Khan, come altri, ha i suoi detrattori: associazioni di docenti riempiono i loro blog di critiche ricordando: «He was never formally certified as a teacher». «Non è un docente, non ha l'abilitazione formale per farlo». Lui non lo nega di certo. Pare che per chi ha idee sull'Education, sulle politiche educative si debbano scomodare dei paroloni: utopista, visionario, evangelista. Parole che creano distanza tra quel famoso "dire e fare".

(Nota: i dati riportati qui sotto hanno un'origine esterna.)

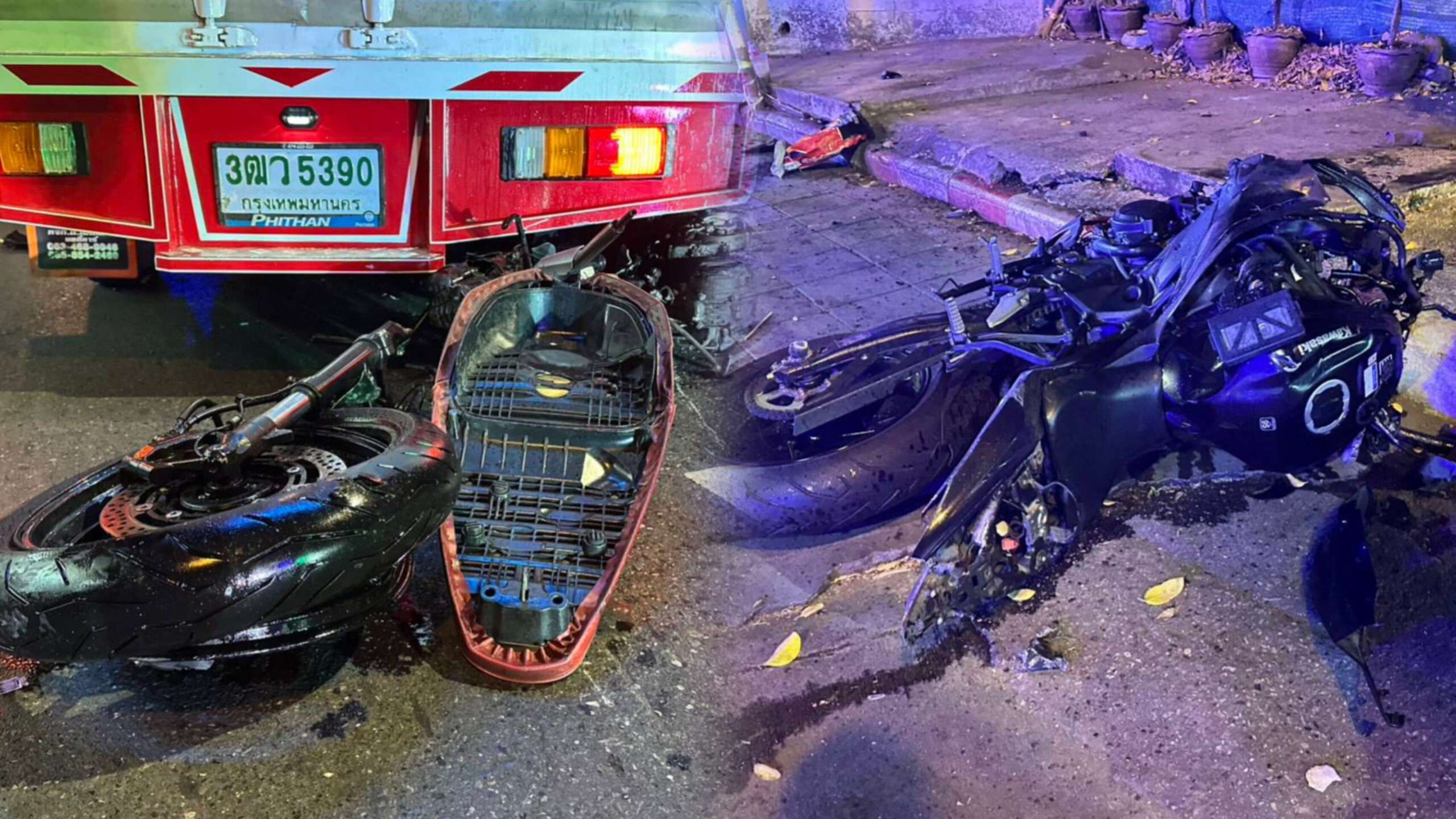 ที่เกิดเหตุเป็นถนน 3 เลน บริเวณฟุตปาธมีต้นไม้หักขาด 1 ต้น ใกล้กันพบรถบิ๊กไบก์ ยี่ยี่ห้อคาวาซากิ นินจา650cc สีดำ ไม่ติดแผ่นป้ายทะเบียน สภาพล้มคว่ำพังยับ ล้อและโช๊คอัพคู่หน้าขาดหลุดกระเด็น ห่างไปประมาณ 3 เมตรบริเวณช่องจราจรซ้ายสุด พบรถจักรยานยนต์ ยี่ห้อฮอนด้า เวฟ สีดำ สภาพล้มคว่ำพังเสียหาย อยู่ใต้ท้ายรถกระบะตู้ทึบ ยี่ห้อโตโยต้า สีขาว ทะเบียนกรุงเทพ ใกล้กันพบรถยนต์ ยี่ห้อวอลโว่ สีเทา ทะเบียนกรุงเทพ สภาพไฟท้ายด้านซ้ายแตกเสียหาย จึงบันทึกรวบรวมที่เกิดเหตุไว้เป็นหลักฐาน

Lui ha immaginato la sua aula ideale, e vale la pena di leggere le sue parole:
«Raggrupperei un centinaio di studenti di classi diverse in un'unica aula. Spesso, se non sempre, i ragazzi dovrebbero affrontare gli stessi argomenti nello stesso momento». Ci sarebbero angoli tranquilli per lo studio individuale e altri dove poter lavorare in gruppo. Mettiamo che in un dato momento un quinto degli studenti stia utilizzando le video-lezioni o esercizi al computer per approfondire o consolidare concetti chiave. Solo un quinto, un quinto della giornata scolastica, sarebbe dedicato alle lezione della KA o di altre istituzioni, e al conseguente lavoro in comune. Una o due ore efficaci orientate alla padronanza e alla responsabilità del proprio apprendimento, in queste due ore gli allievi possono aiutarsi a vicenda, essere seguiti dagli insegnanti, o entrambe le cose. Venti su 100 studenti lavorano al computer con l'aiuto di uno dei quattro insegnanti che risponde alle domande solo quando ce n'è bisogno. E gli altri 80? Un gruppo sta studiando economia, elaborando simulazioni di mercato simili a giochi da tavolo. Un altro gruppo diviso in due squadre sta costruendo dei robot, progettando app per cellulari; o testando tecniche innovative per catturare l'energia solare. In una zona più tranquilla dell'aula alcuni studenti si occupano di arte o di scrittura creativa. Esistono già insegnanti preparati anche in questi campi, e ben disposti alla interdisciplinarietà. Per tutti è previsto uno spazio e un tempo proprio per la riflessione spontanea e la creatività».
Chi ragiona in una maniera diversa, chi è più lento, chi vuole spaccarsi la testa su un problema matematico – che non è nel programma ministeriale – o che si è inventato un nuovo approccio all'ingegneria, non è penalizzato, ma valorizzato. La diversità è valore.
Il costo dell'inerzia
Su una cosa è difficile attaccare Salman Khan: cambiare è necessario, non possiamo più permetterci il peso dell'inerzia. «Gli approcci più coraggiosi e innovativi devono essere messi alla prova – scrive nella sua pagina di conclusioni – l'unica cosa che non ci possiamo permettere è che tutto rimanga così com'è. Il costo del'inerzia è incredibilmente elevato, e non può essere calcolato in dollari, euro, o rupie, ma in termini di destini umani».